_What you will do_
Please reproduce the data exactly and omit the pictures.
____ Data to examine
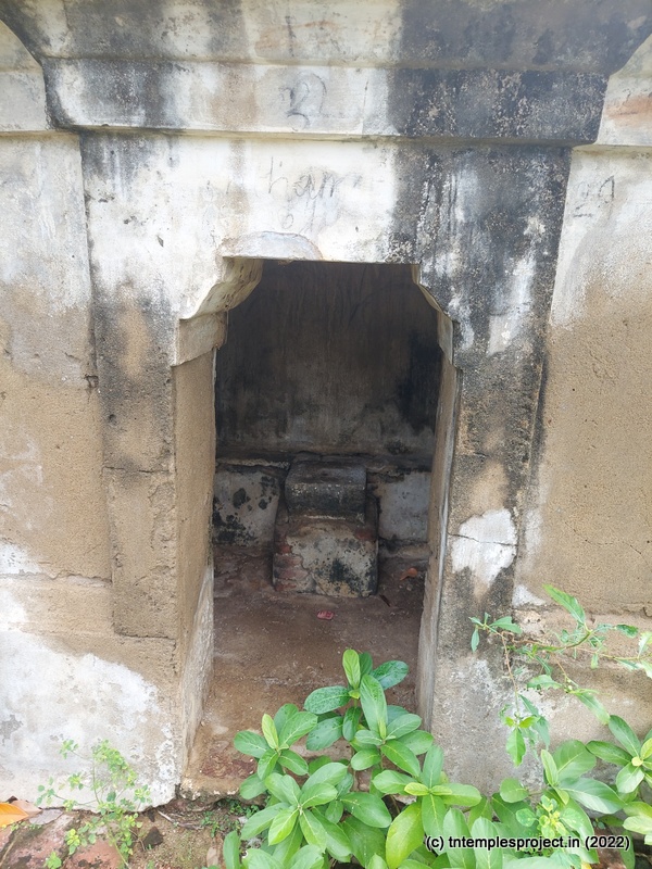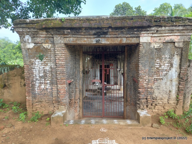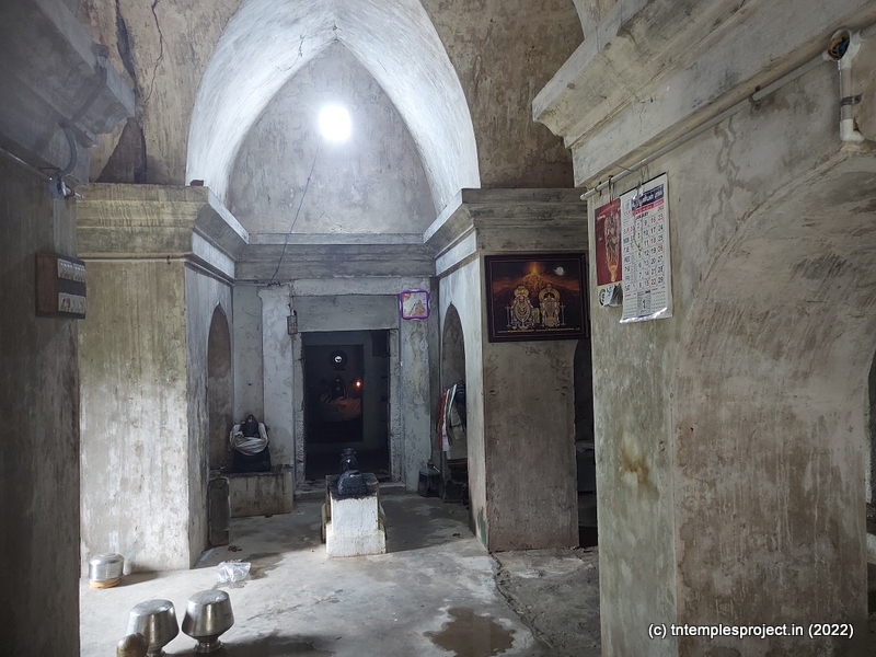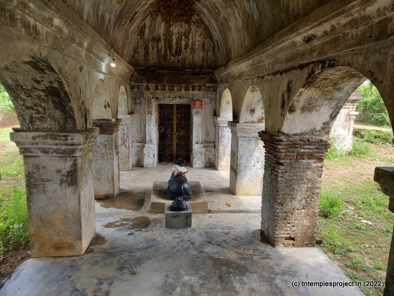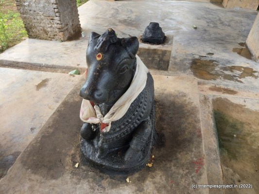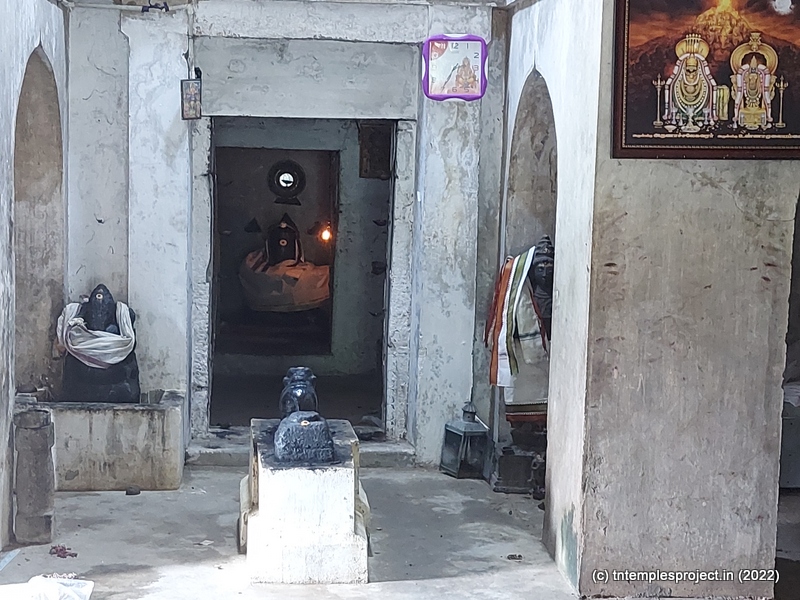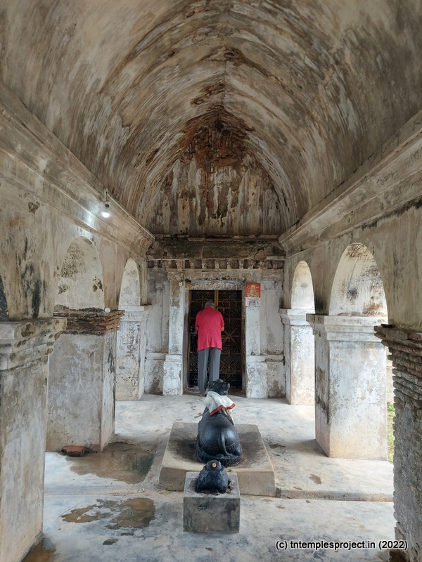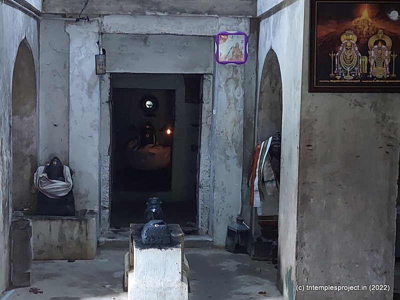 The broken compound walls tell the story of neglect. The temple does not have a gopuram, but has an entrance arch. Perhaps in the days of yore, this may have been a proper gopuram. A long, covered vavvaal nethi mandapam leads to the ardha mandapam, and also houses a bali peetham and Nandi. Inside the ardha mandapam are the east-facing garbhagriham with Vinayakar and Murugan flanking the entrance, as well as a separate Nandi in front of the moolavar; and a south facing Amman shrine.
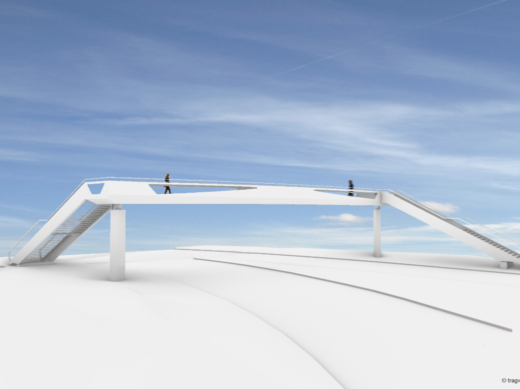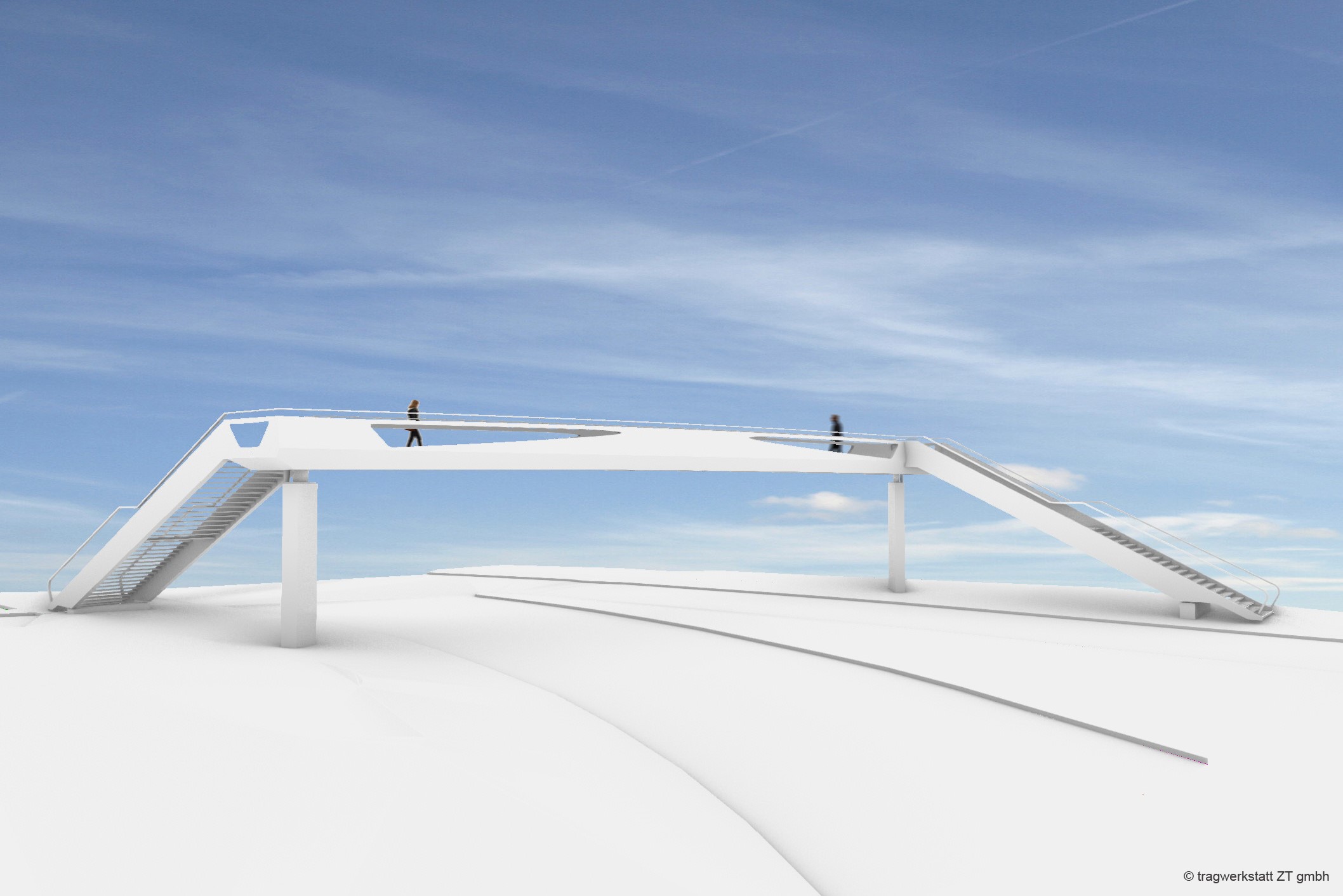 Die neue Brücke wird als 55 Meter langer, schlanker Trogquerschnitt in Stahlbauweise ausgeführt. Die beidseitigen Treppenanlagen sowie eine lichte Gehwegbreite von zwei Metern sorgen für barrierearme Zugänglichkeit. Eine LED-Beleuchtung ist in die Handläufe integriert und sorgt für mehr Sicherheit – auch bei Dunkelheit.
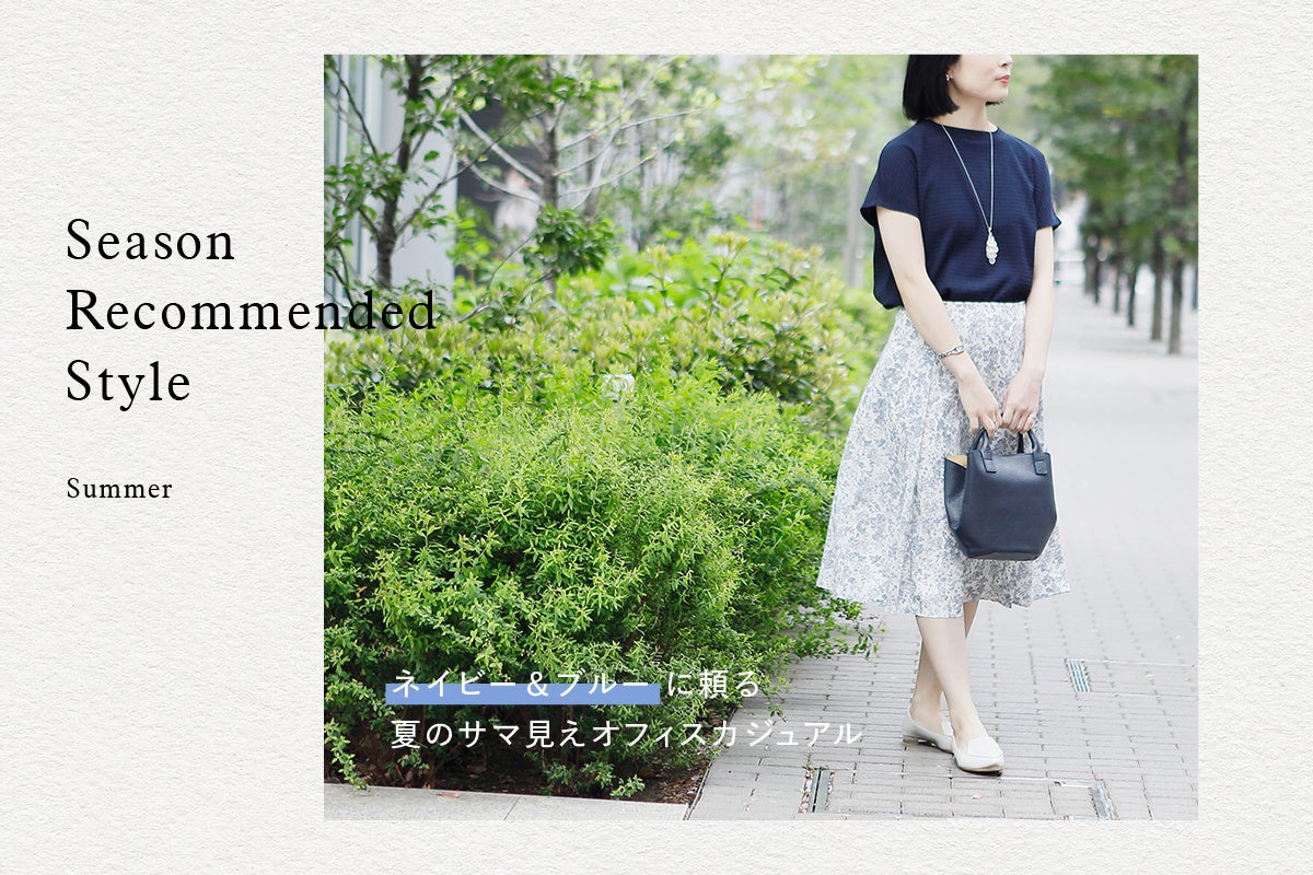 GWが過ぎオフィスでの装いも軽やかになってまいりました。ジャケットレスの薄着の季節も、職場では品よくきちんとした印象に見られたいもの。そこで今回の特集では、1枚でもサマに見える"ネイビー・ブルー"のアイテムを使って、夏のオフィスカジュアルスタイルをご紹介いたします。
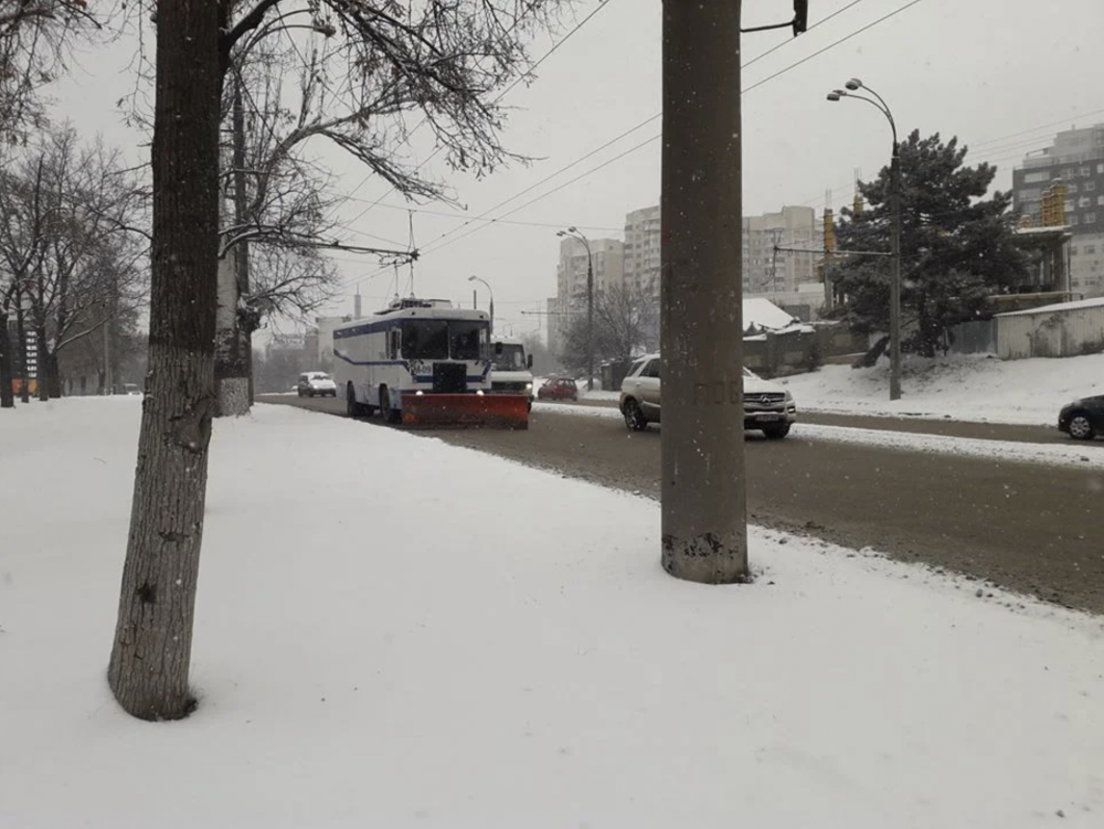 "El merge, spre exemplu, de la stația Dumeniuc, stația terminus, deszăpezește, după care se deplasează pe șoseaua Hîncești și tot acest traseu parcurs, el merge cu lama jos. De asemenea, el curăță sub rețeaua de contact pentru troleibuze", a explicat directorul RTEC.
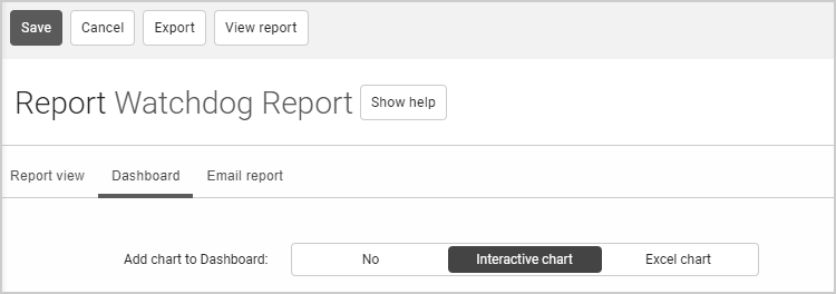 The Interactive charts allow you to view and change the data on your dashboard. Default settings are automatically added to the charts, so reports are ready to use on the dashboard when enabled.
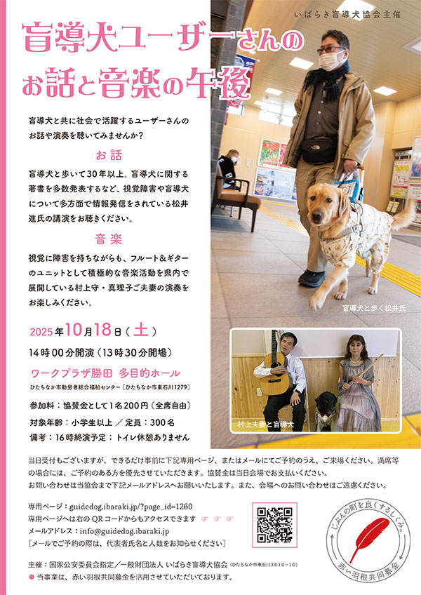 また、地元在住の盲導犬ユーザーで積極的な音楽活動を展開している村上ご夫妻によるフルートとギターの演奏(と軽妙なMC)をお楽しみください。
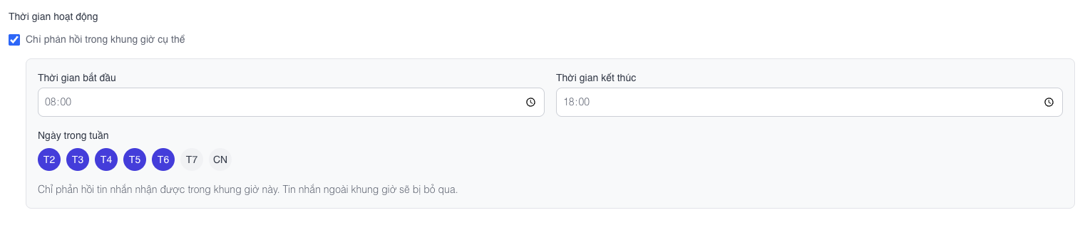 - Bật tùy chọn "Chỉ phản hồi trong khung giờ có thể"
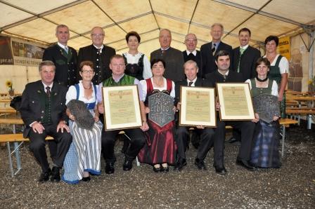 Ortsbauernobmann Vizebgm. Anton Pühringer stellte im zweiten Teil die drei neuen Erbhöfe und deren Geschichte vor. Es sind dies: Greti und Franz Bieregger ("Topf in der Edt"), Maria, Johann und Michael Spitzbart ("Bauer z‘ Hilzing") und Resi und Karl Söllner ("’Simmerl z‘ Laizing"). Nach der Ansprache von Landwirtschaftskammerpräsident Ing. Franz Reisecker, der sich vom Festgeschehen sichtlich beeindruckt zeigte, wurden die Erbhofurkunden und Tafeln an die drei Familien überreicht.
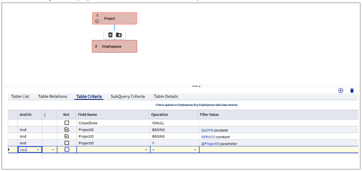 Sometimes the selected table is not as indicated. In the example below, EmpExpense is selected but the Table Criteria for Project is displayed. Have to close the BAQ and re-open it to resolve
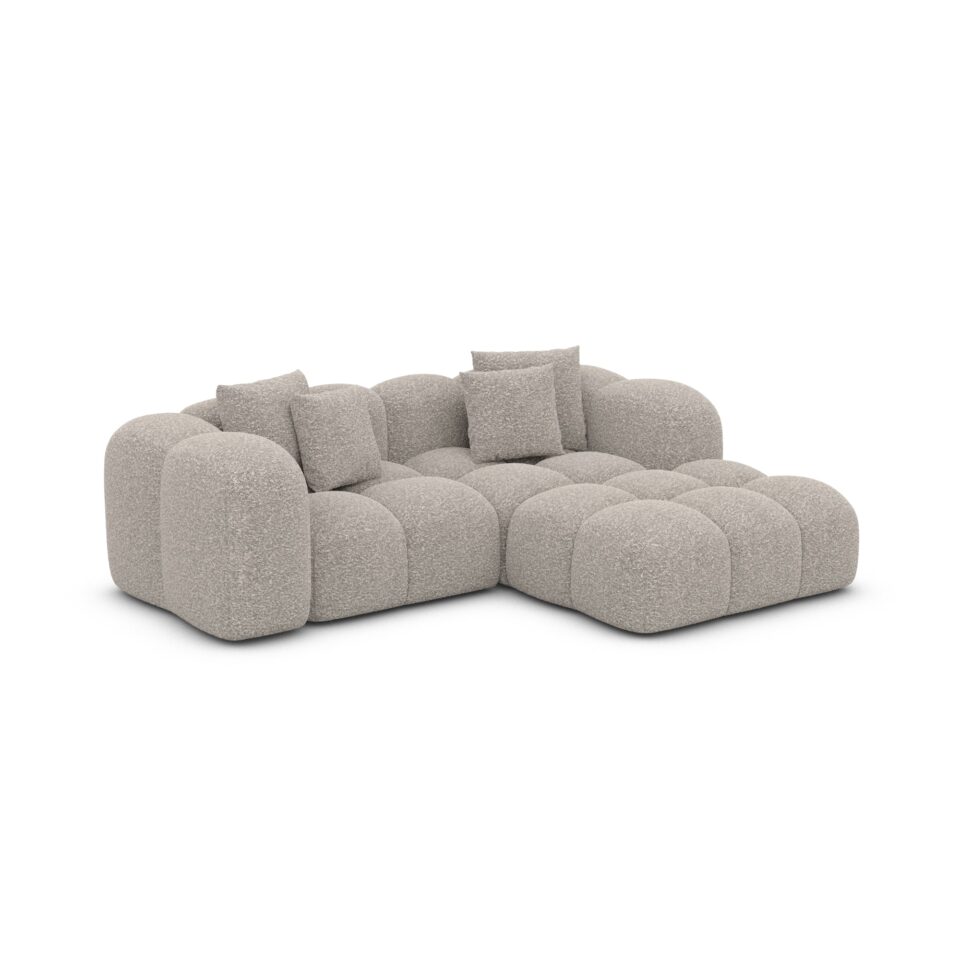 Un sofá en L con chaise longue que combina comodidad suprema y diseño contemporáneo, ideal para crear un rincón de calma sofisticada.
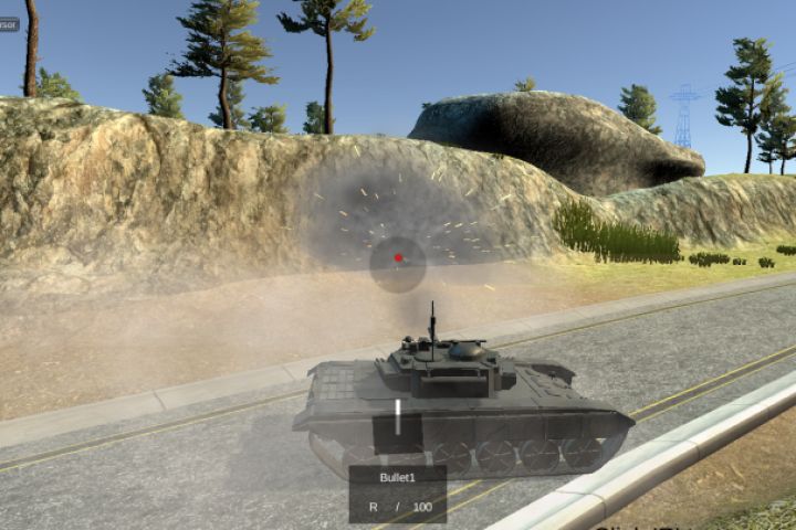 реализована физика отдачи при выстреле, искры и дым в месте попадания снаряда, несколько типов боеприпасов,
________
_Exercise solution_
 The broken compound walls tell the story of neglect. The temple does not have a gopuram, but has an entrance arch. Perhaps in the days of yore, this may have been a proper gopuram. A long, covered vavvaal nethi mandapam leads to the ardha mandapam, and also houses a bali peetham and Nandi. Inside the ardha mandapam are the east-facing garbhagriham with Vinayakar and Murugan flanking the entrance, as well as a separate Nandi in front of the moolavar; and a south facing Amman shrine.
 Die neue Brücke wird als 55 Meter langer, schlanker Trogquerschnitt in Stahlbauweise ausgeführt. Die beidseitigen Treppenanlagen sowie eine lichte Gehwegbreite von zwei Metern sorgen für barrierearme Zugänglichkeit. Eine LED-Beleuchtung ist in die Handläufe integriert und sorgt für mehr Sicherheit – auch bei Dunkelheit.
 GWが過ぎオフィスでの装いも軽やかになってまいりました。ジャケットレスの薄着の季節も、職場では品よくきちんとした印象に見られたいもの。そこで今回の特集では、1枚でもサマに見える"ネイビー・ブルー"のアイテムを使って、夏のオフィスカジュアルスタイルをご紹介いたします。
 "El merge, spre exemplu, de la stația Dumeniuc, stația terminus, deszăpezește, după care se deplasează pe șoseaua Hîncești și tot acest traseu parcurs, el merge cu lama jos. De asemenea, el curăță sub rețeaua de contact pentru troleibuze", a explicat directorul RTEC.
 The Interactive charts allow you to view and change the data on your dashboard. Default settings are automatically added to the charts, so reports are ready to use on the dashboard when enabled.
 また、地元在住の盲導犬ユーザーで積極的な音楽活動を展開している村上ご夫妻によるフルートとギターの演奏(と軽妙なMC)をお楽しみください。
 - Bật tùy chọn "Chỉ phản hồi trong khung giờ có thể"
 Ortsbauernobmann Vizebgm. Anton Pühringer stellte im zweiten Teil die drei neuen Erbhöfe und deren Geschichte vor. Es sind dies: Greti und Franz Bieregger ("Topf in der Edt"), Maria, Johann und Michael Spitzbart ("Bauer z‘ Hilzing") und Resi und Karl Söllner ("’Simmerl z‘ Laizing"). Nach der Ansprache von Landwirtschaftskammerpräsident Ing. Franz Reisecker, der sich vom Festgeschehen sichtlich beeindruckt zeigte, wurden die Erbhofurkunden und Tafeln an die drei Familien überreicht.
 Sometimes the selected table is not as indicated. In the example below, EmpExpense is selected but the Table Criteria for Project is displayed. Have to close the BAQ and re-open it to resolve
 Un sofá en L con chaise longue que combina comodidad suprema y diseño contemporáneo, ideal para crear un rincón de calma sofisticada.
 реализована физика отдачи при выстреле, искры и дым в месте попадания снаряда, несколько типов боеприпасов,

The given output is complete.